Is COVID-19 creating a new local entrepreneurial class?

Soon, an article we plan to publish in the Stabroek Business is an insightful exploration of the experiences of a handful of ‘new entrepreneurs’ who have sought to pursue either preferred ways of earning a living given the impact of the COVID-19 pandemic on the the conventional labor market, or alternatively, has decided to embark on new business trips, presumably to supplement their existing income or alternatively, simply ‘for the benefit’ of undertaking a new adventure.

Outside of those we have had limited interviews with, many more are either entrepreneurial, or otherwise, in the process of exploring investment avenues that may appeal to them.

The first thing that should be said about these initiatives is that it took a complete transformation of our national circumstances for our new investors to ‘venture’; and while there is no exact place where the pandemic will take us, in the final analysis, it can be nothing but a positive development from which some measure of initiative and ingenuity has sprung from our circumstances.

Historically, it had been a kind of national understanding that Guyana had been favored with a limited business class and that the rest of us were content with being employees. That theory was, of course, always questionable, bearing in mind that small numbers of individuals and families who were not particularly well-placed had managed to break through the barrier and establish themselves in various entrepreneurial activities.

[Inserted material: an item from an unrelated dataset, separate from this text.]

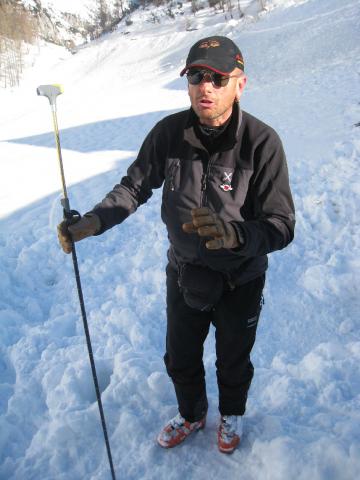 ..slikovito podučil o plazovih, o potrebni opremi, demonstriral načine ugotavljanja plazovitosti, iskanje ponesrečencev z žolnami, sondiranje in tehniko odkopavanja zasutih.

If no one seems to be quite sure about those factors that appear, over time, to have widened the national talent for entrepreneurship, what has been striking is the level of thought that has gone into choosing the investment niches that our new entrepreneurs have chosen.

This newspaper fondly remembers the establishment of the School of Entrepreneurship and Business Innovation (SEBI) at the University of Guyana. SEBI’s core mission, the University had informed, was to “educate and develop entrepreneurial and innovative leaders and managers with the skills, competencies, aptitude and habits of mind to contribute to the social vitality and economic development of the nation and the global community. . But his ambitions went beyond that. AS had made it clear that there is room in SEBI for a category of businessmen and women who we have tended to describe as hustlers, but who, having survived the rigors of what can often be a difficult environment , nonsensical of what, sometimes, pure, unspoiled ‘flat foot busy’ has ‘come through’. What SEBI said it was trying to do was apply a measure of entrepreneurial orthodoxy to the natural acumen of those ‘hustlers’, and while the jury may still be out on the outcome of SEBI’s ‘experiment’, the reality is the reality is, no doubt, a quantum shift in the national attitude to entrepreneurship. Necessity, it is often said, is the mother of invention and while it would churn, to say the least, for such discourse to lead to the assertion that COVID-19 is some kind of necessary evil, it would be foolish to deny the reality that the unhealthy after-effects of the pandemic have, in some cases, brought out the best in those who have been pushed into entrepreneurship through circumstances.

The question is, of course, where do we go from here? Are we likely to witness a retreat like you did when we finally killed a COVID-19 beast. Or will we take the current desire for entrepreneurship as far as it can go, building on what we have and creating a transformed entrepreneurial landscape.